New adventures in blog spam

So I was just talking about the dark appreciation I have for new developments in spam tactics, and then, bam, innovation on my very doorstep:

A heavy “tramadol” spam assault—using the content of the apparent discussion of that attack as the content for the spams.

Some background: my general (hobbyist) understanding of Bayesian filtering is that such filtering depends on the identification of words more likely to appear in spam. So a spam can be identified not merely by fixed strings of spamlike phrases, but as gestalts that contain a probabilistically unusual number of spammy tokens. Simply rearranging the words in your spam missive—or synonymizing the words therein—is no longer an effective feint against filters.
So how do you set up a Bayesian filter? You create a corpus of spam, and analyze the contents thereof, and compare that to a corpus of non-spam. Then you test each message you receive for proportional presence of spammy tokens or phrases—too high a spammishness level, and the message gets nuked.

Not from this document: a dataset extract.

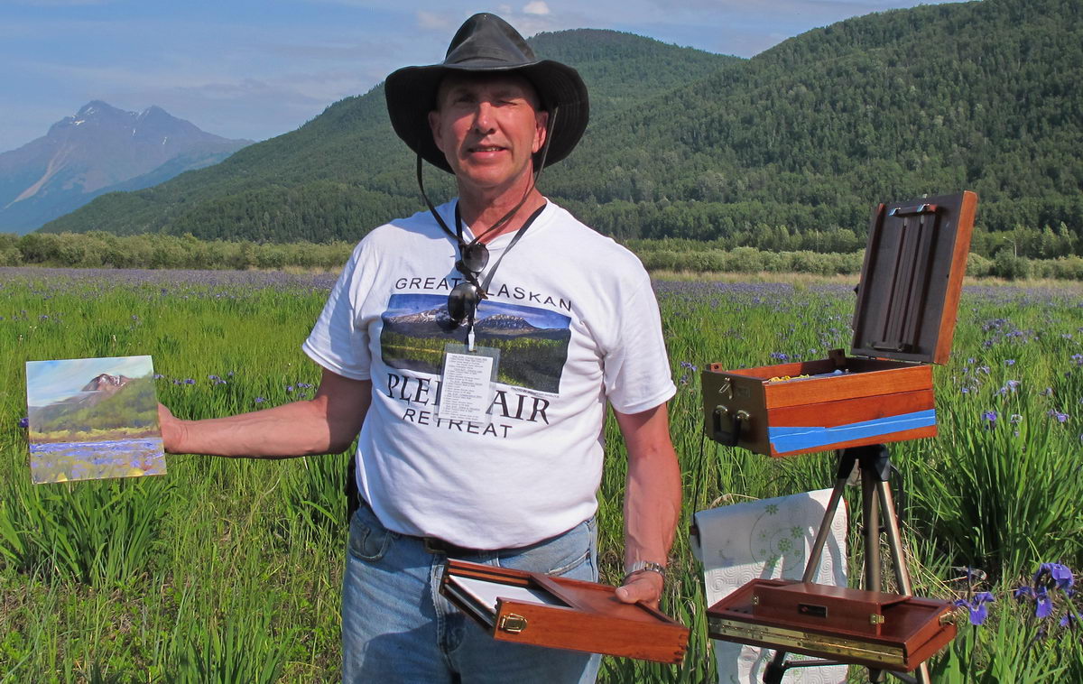 Like me, Kurt began painting later in life and now finds art an essential part of his life. On the return trip from Eklutna Lake, we stopped at the iris field on the Knik River Flats along the Glenn Highway, and had a blast as we challenged each other to a 40 minute “quick quick draw”.
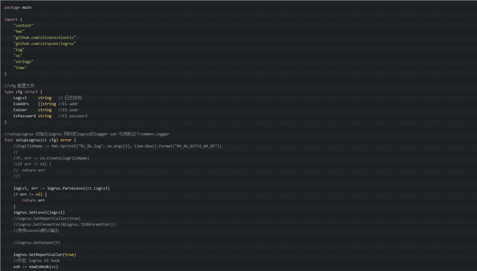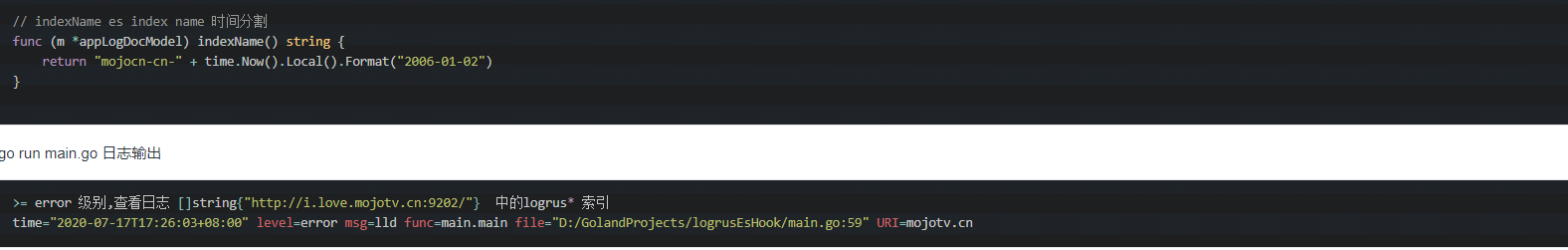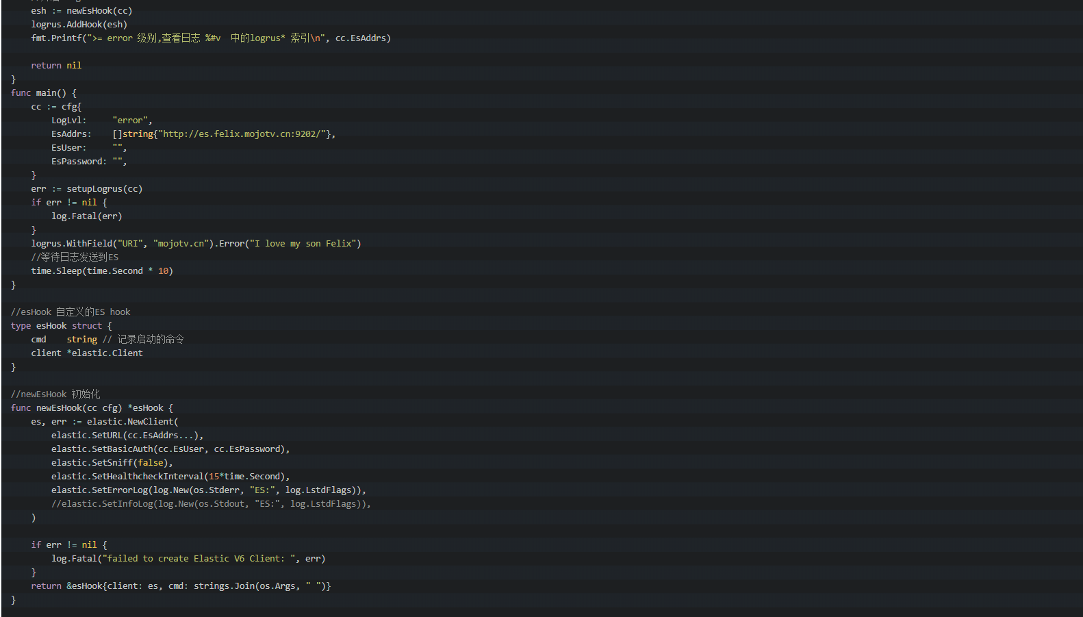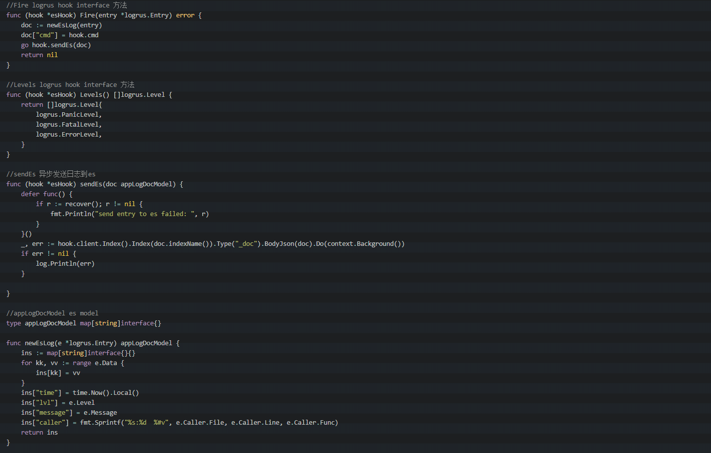 3. 编写实现 logrus HOOK interface (核心代码)main.go 完整代码: https://github.com/mojocn/eslogrushook

So how do you then fight a Bayesian filter, as a motivated spammer? You deliver novel, non-spammish text. But then the Bayesian filterers will start working your new “novel” text into their databases—it’s an ongoing struggle.

So the savvy spammer needs sources of constantly novel text. I noted previously my conflicted delight at the appearance of Markov Chain-generated pseudo-text—I’m fond of such stochastic methods in general, and used Markov-based deconstruction of Mozart compositions as part of a college project—where spammers incorporated the text of classic novels, for example, and chopped them up using Markovian methods.

But this latest thing is possibly more clever yet than even the Markov tactic: use inherently fresh content for your spam content. Use the reaction to your own current spam campaign to seed your spam with fresh, uncompensated-for plausible text, and thereby eliminate even the vulnerability of a probabilistic profile of commonly-bespammed classic literature.

The evidence so far:

Two days ago, I saw this show up in spam of a number of Meficomp post comment moderation queues:

I always have terrible trouble with comment-related plugins that require me to put some line in the comment loop; I can never seem to find the right spot. Can anyone tell me where I should put the php line in my comments loop? I haven not modified anything much, and I would be very grateful. Thanks!

But then, just a couple days later, a new round of spam, apparently quoting a genuine bloggish reaction the the previous goddam round of spam:

I got the same tramadol attack… well, not the same, because it was only about 20 comments instead of 90, and i t have any filtering set up, and I just deleted them one at a time… hmm.. the only thing really in common was that it was about tramadol… what filter do you have set up that caught them all?

Clever little bastards, you have to give them that.

[post-script: have I mentioned how much I hate the behavior of the WordPress WYSIWYG-ish editor? It is worse than shit. It is Hitler shit.]